JUNEAU — Alaska’s economic future is on the line if more oil doesn’t flow through the 800-mile trans-Alaska pipeline.
That’s not in dispute.
What’s got Alaska lawmakers in a quandary is whether to cut taxes for oil companies in an effort to spur new development.
Gov. Sean Parnell has offered a plan, but critics dismiss it as a corporate giveaway that doesn’t guarantee the state would get anything in return. And not everyone is convinced there’s a problem with the existing tax structure.
“Am I missing something?” asked Sen. Hollis French, D-Anchorage. “Every piece of concrete data shows the system is working, for both sides.”
Supporters of changing the tax structure say it would spur development on the oil-rich North Slope and that without action, the trend of declining production will continue.
“What we’re saying as a Senate is, ‘Let’s throw some options out there and get the dialogue going,”’ said Sen. Lesil McGuire, R-Anchorage.
There is a lot on the line. Oil is king in Alaska, providing about 90 percent of the state’s unrestricted revenue. Without those funds everything from education to emergency services would suffer.
“We’ve got to be very cautious and make sure any changes we make are the right changes,” Senate President Gary Stevens, R-Kodiak, said. “There’s a lot of pressure on both sides. It will be an intense time to get to the end of this, I’m afraid.”
Oil companies have argued that the state’s existing tax structure eats too deeply into profits in times of high oil prices and discourages increased investment in Alaska. The system features a 25 percent base tax rate and a progressive rate triggered when a company’s production tax value hits $30 a barrel. North Slope oil closed Thursday at $118.34.

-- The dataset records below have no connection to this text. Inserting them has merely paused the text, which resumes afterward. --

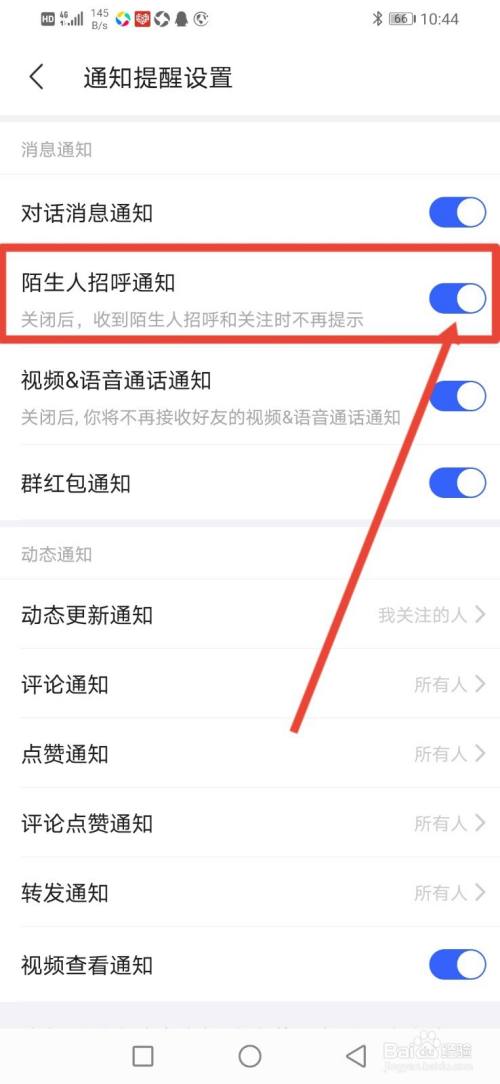 进入通知提醒设置,然后把【陌生人招呼通知】的按钮关闭即可。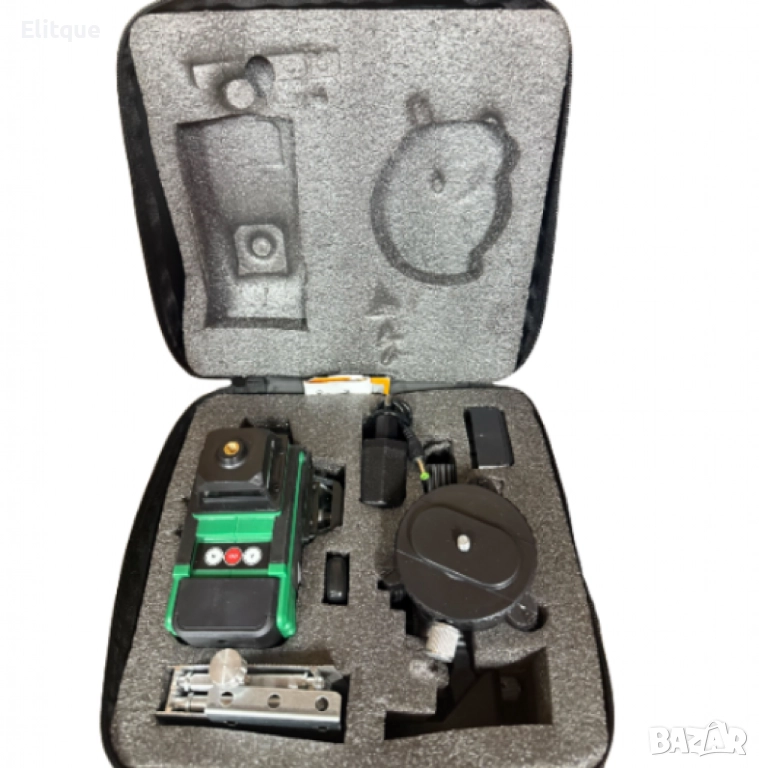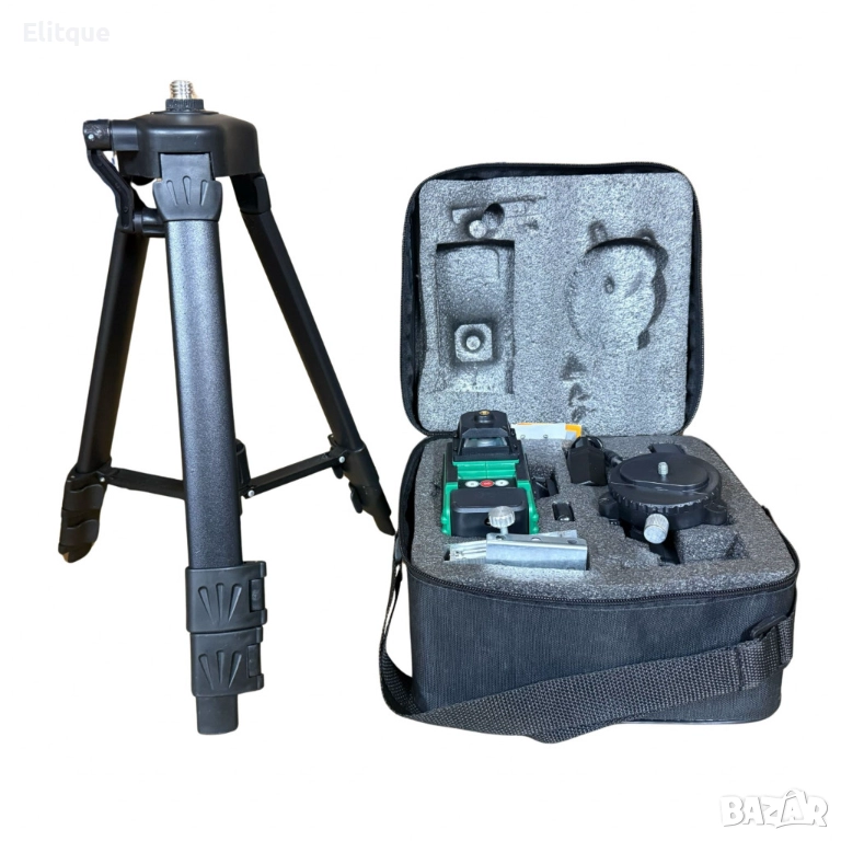 4D Лазерен Нивелир с 16 Линии (Четири Точков), Самонивелиращ се, със Зелен Лазер с тринога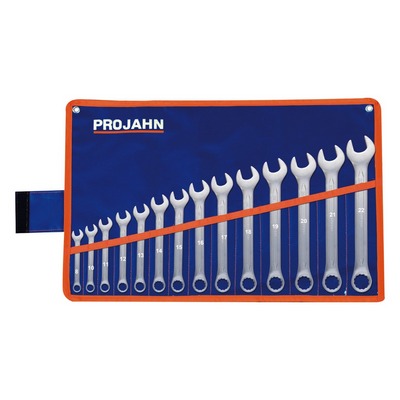 Zdjęcie poglądoweProfesjonalny, 14-częściowy zestaw kluczy oczkowo-płaskich z grzechotką i przegubem 180° dla maksymalnej elastyczności i ergonomii pracy w trudno dostępnych miejscach.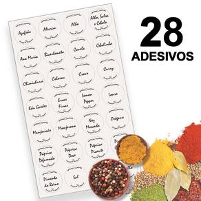 Feito em vinil autoadesivado de altíssima qualidade, este kit com 28 etiquetas é resistente à água e se encaixa perfeitamente bem na maioria dos potes de porta temperos vendidos no mercado. Cada etiqueta tem 38 mm de diâmetro, o que permite acomodar bem nas tampas dos potes e permite também uma visualização perfeita do rótulo.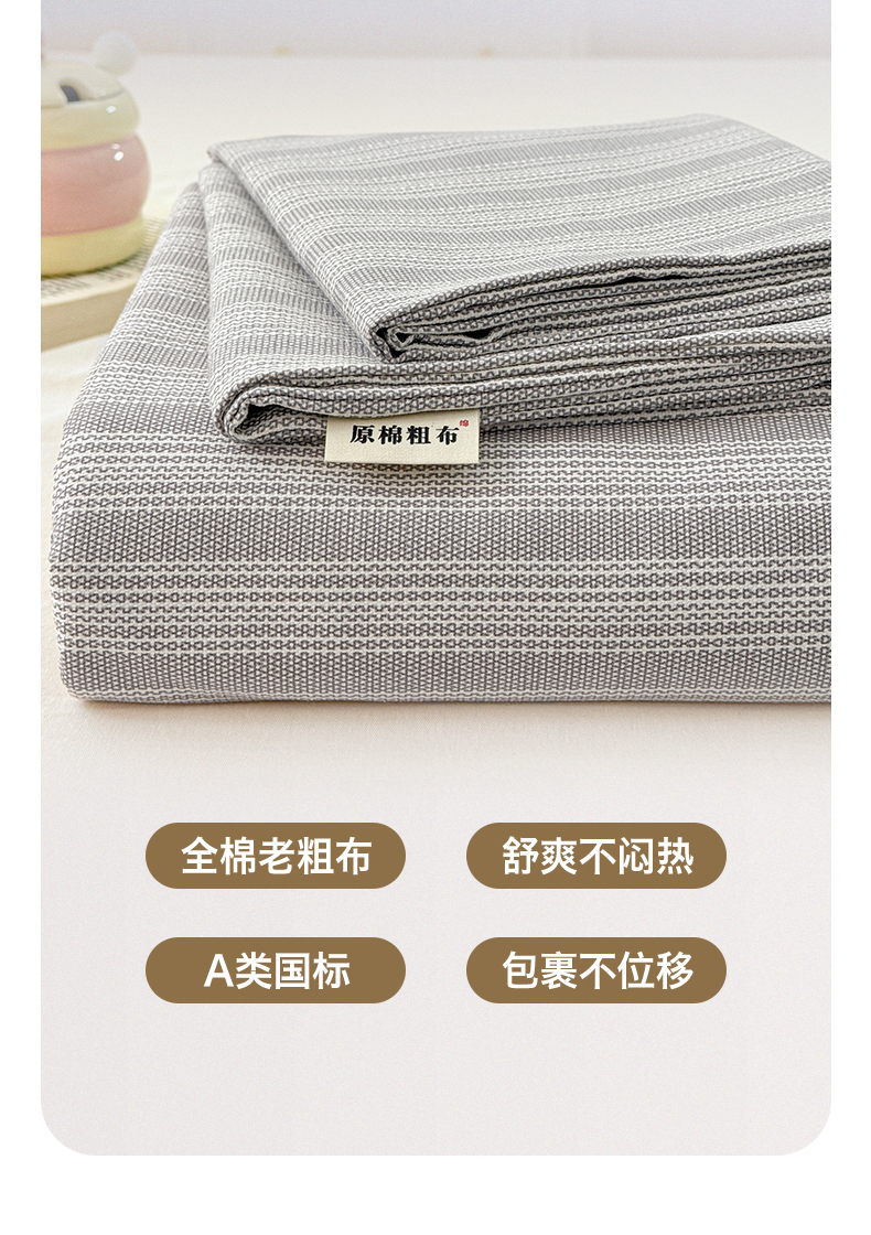 当前位置: 91家纺网 > 商品网购 > 床上用品 > 床笠 > 名兮家居 2026春夏新款A类全棉纯棉老粗布床笠 床笠单件 条纹灰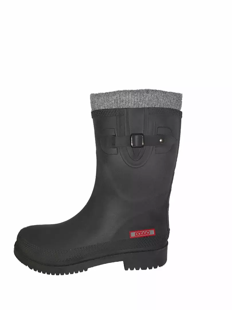 Modieuze DOGGO dameslaars in PVC, 3/4 hoog, met bijpassende kleur buitenzool en decoratieve gesp aan de zijkant. De jarenlang beproefde pasvorm garandeert een comfortabele loop. De gripvaste en antislip buitenzool ondersteunt je tijdens het wandelen in de regen of over de natte weide. Het geborstelde oppervlak (lederlook) maakt deze schoen een echte eyecatcher. De warme voering van Lotte Winter garandeert ook op koudere dagen warme voeten. De schoen valt 1 maat kleiner door de warme voering.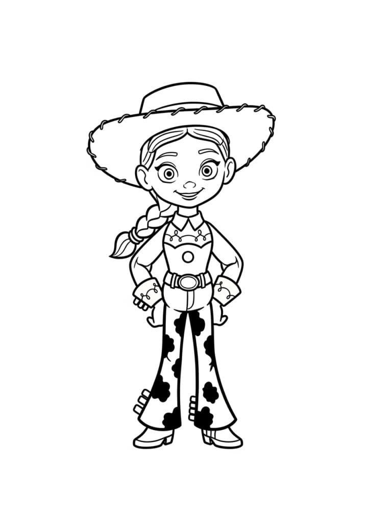 This coloring page shows Jessie from Toy Story in her full cowgirl glory, standing with her hands on her hips and that bright-eyed, adventurous smile that makes her one of the most beloved characters in the whole Pixar universe. Her oversized wide-brimmed hat dominates the top of the page beautifully, with a lovely stitched border detail running all the way around the brim that adds a charming rustic touch. Her outfit is packed with great details to work through, from the decorative embroidery on her vest and cuffs to the bold cow-print patches scattered across her flared trousers, and her long side braid with a little ribbon tie completes the look perfectly. The lines are clean and confident throughout, with a nice mix of bold outlines and finer interior details that make the page feel visually rich without being overwhelming.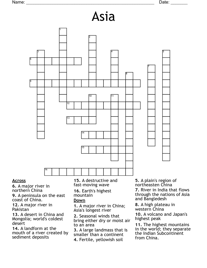 East Asia Crossword WordMint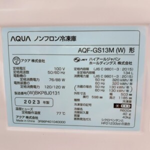 AQF-GS13M(W) 形は、まとまった冷凍容量を確保できるセカンド冷凍庫として需要があり、年式が新しめの個体は中古市場でも評価されやすい傾向があります。今回は2023年製である点に加え、庫内状態が良く、パーツ欠品がないこと、説明書類が揃っていることをプラス要素として反映しました。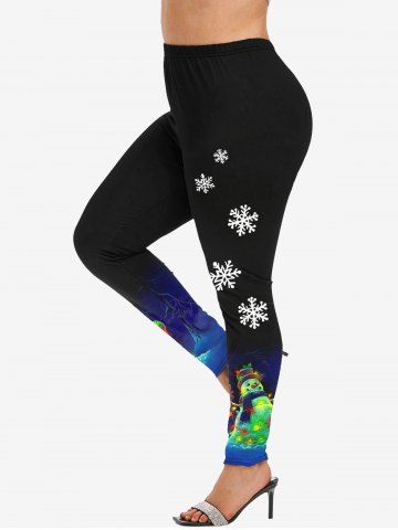 Plus Size Christmas Tree Light Snowman Snowflake Print Leggings - Deep Blue - M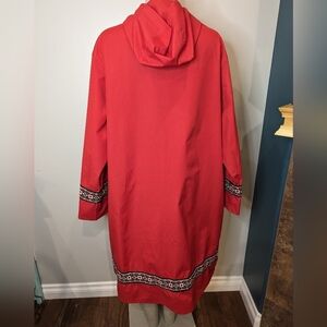 Vintage 60s/70s Red hooded shell overcoat Jacket with embroidery. Untagged no size. This is a generous plus size 1x/2x or 18/20 Works as a stand alone rain coat or can be layered with an undercoat for Winter wear.
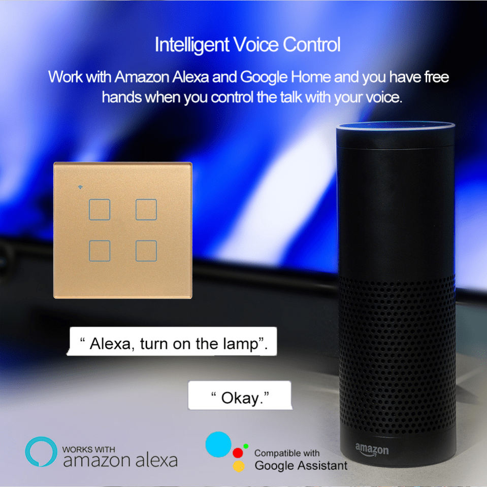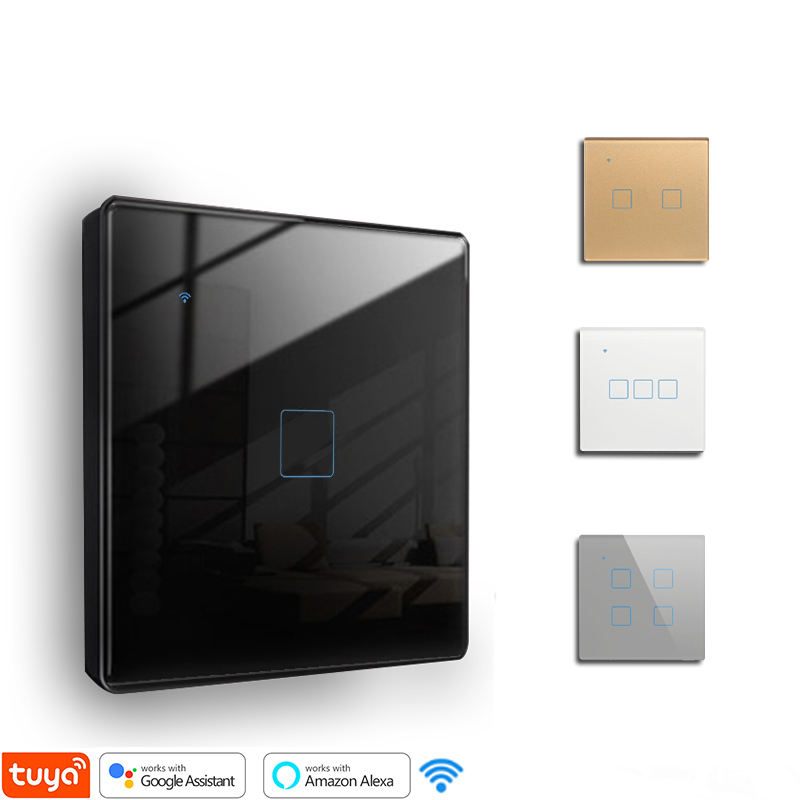 Interrupteur intelligent Tuya WiFi tactile mural, norme britannique et européenne, 1, 2, 3, 4 voies, 86*86mm, 220V, verre trempé, compatible Alexa, interrupteurs intelligents pour la maison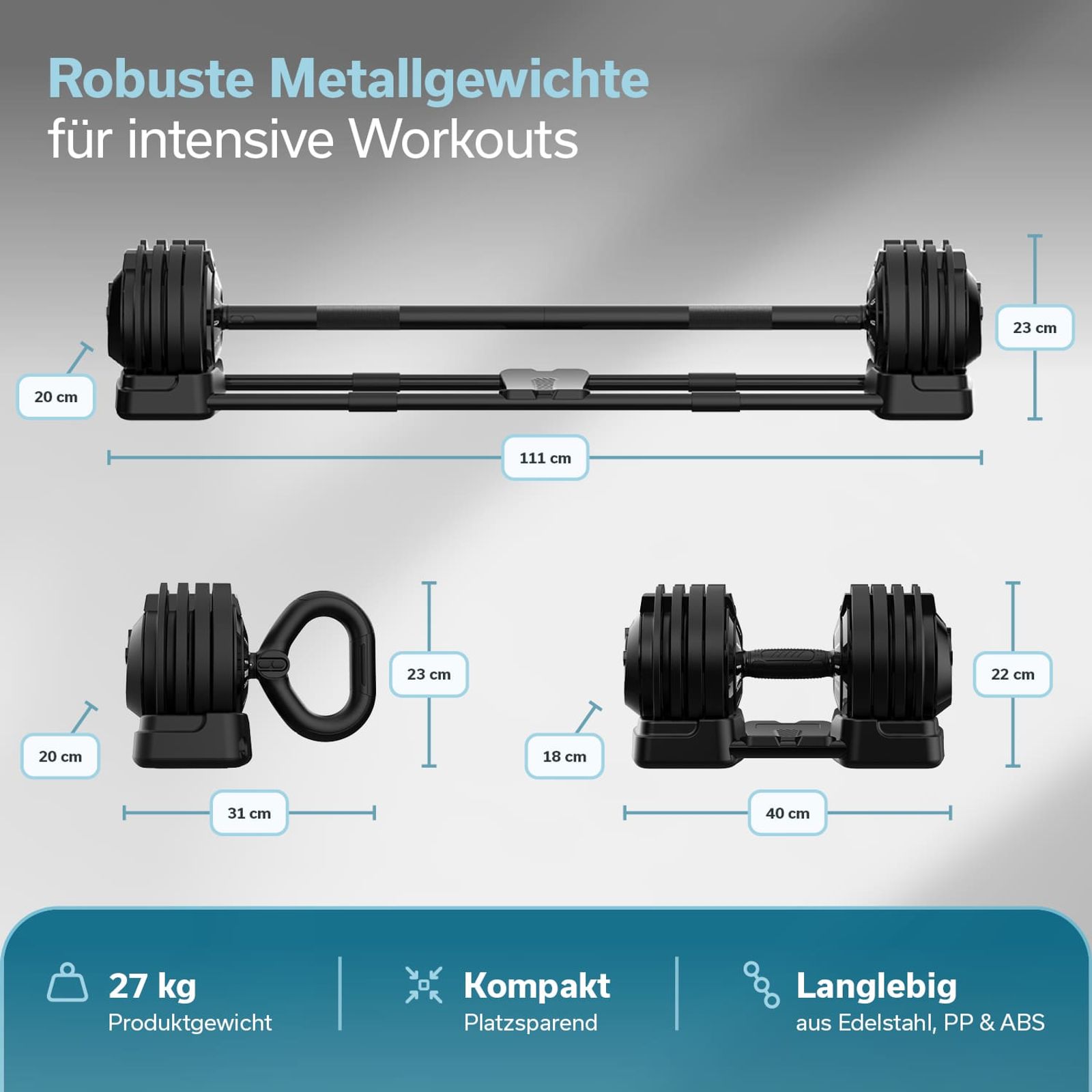 - Platzsparendes All-in-One-Design ersetzt ein komplettes Hantel-Sortiment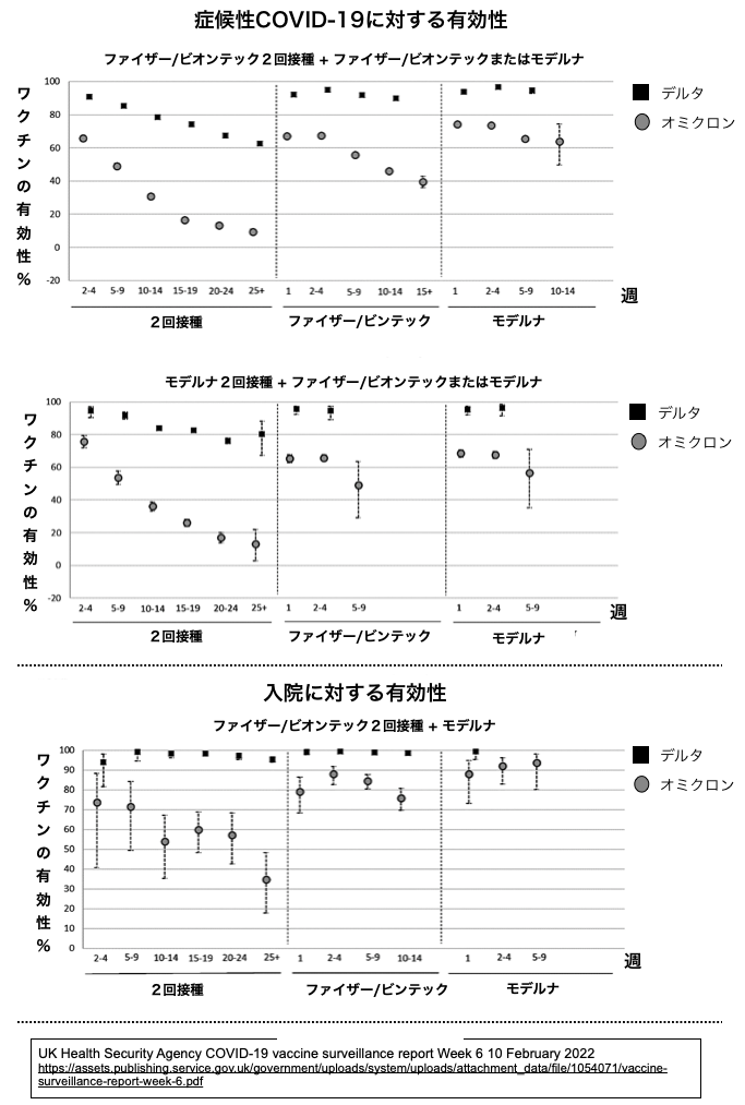 2022-09-15 デルタ株流行期・オミクロン株流行期における新型コロナワクチンの有効性評価 ( 日本のデータ):[出典] 国立感染症研究所研究情報 2022-08-04 https://www.niid.go.jp/niid/ja/basic-science/epidemi/11369-epi-2022-02.html; [論文] "COVID-19 vaccine effectiveness against symptomatic SARS-CoV-2 infection during Delta-dominant and Omicron-dominant periods in Japan: a multi-center prospective case-control study (Factors Associated with SARS-CoV-2 Infection and the Effectiveness of COVID-19 Vaccines Study) Takeshi Arashiro et al. Clinical Infectious Diseases 2022-08-03 https://doi.org/10.1093/cid/ciac635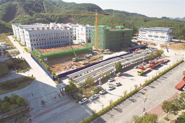 12月14日,河池市大化瑶族自治县城西产业园标准厂房建设项目二期工程建设正酣,各项施工任务按计划稳步推进。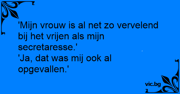 'Mijn vrouw is al net zo vervelend bij het vrijen als mijn secretaresse.'
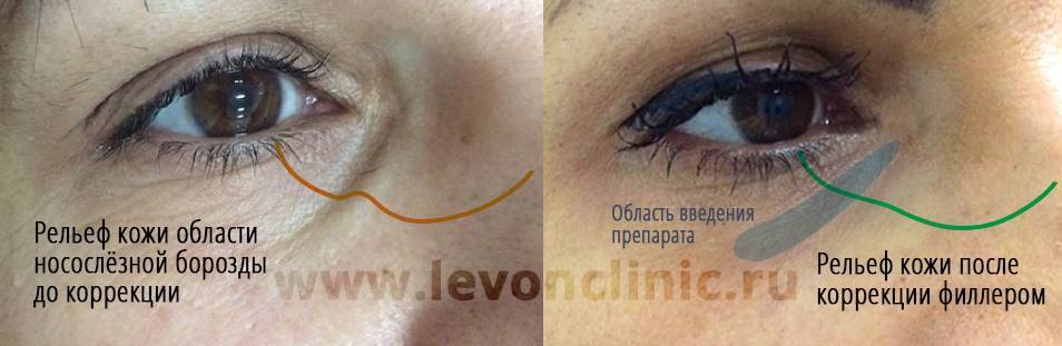 инъекциям филлеров. В этом случае принципы коррекции совпадают с процедурой коррекции носослёзной борозды.

The idea, when the structure was adopted in 2007, was that the state would help oil companies on the front end with things such as tax credits and share profits on the back end when oil flowed and prices were high.
Sen. Cathy Giessel, R-Anchorage, says nothing she’s heard as her chamber has delved further into the oil tax issue “has changed my view of our competitiveness on the world market.”
Senators on both sides share the governor’s goal of getting more oil into the pipeline. The Department of Revenue estimates a 4.7 percent decline this fiscal year on top of a 6.3 percent decline last year. Those figures include projects under development or being considered. A 9.1 percent decline in currently producing fields is projected for this year.
About 600,000 barrels a day currently flow through the line. Parnell has set a goal of increasing that to 1 million barrels of oil within a decade, but his administration says that’s not possible under the current tax structure.
Parnell insists the ideas behind his plan represent “meaningful tax reform.” Parnell said companies have pledged at least $5 billion in new investments with the type of tax cut he’s supporting. He said that level of investment could another 200,000 barrels of oil into the line within the next several years alone.
“What I’m fighting for is Alaskans, both today, as well as our kids and grandkids,” Parnell said.
BP Alaska spokesman Steve Rinehart said the company is trying to provide as much assurance as it can about its intentions if taxes are cut.
“If there is meaningful tax change, we have projects that we are anxious to get to work on,” he said, such as a pad for wells targeting thick oil. “But the economics have to be there.”
ConocoPhillips spokeswoman Natalie Lowman agreed: “We’re doing things (now) but it’s really about what else we could be doing.”
Senate leaders have expressed willingness to at least discuss the progressive surcharge. The idea is to see if consensus can be built around that and then look at other aspects of the tax structure, such as credits or the state’s system of taxing oil and gas production together. Parnell sees their willingness to take up the issue as progress.
What everyone wants to know is: How far will the Senate go?
Lawmakers have gotten mixed messages: Concerns that oil jobs are going en mass to places like North Dakota, where the industry is booming, contrast with a recent study that shows average annual employment on Alaska’s North Slope at or near record highs.
Fears of a pipeline shutdown within the next decade contrast with a judge’s ruling in a property tax dispute that the pipeline could be active through 2065.
The view that the tax structure is out of whack, shared by the companies and at least one consultant, stand next to that of an attorney in the property tax case who said progressivity doesn’t always drive investment decisions.
The Senate plans to write a bill designed to address any tax system problems identified during the committee process. The Resources Committee has begun hearings on the issue and will hold joint meetings with the Senate Finance Committee next week. The Senate hopes to get the House a bill by mid-March.
Sen. Joe Paskvan, D-Fairbanks, said the progressive surcharge is a key tax issue that lawmakers will look at: “At the very minimum, I believe it would be healthy to have an open and transparent discussion on progressivity.”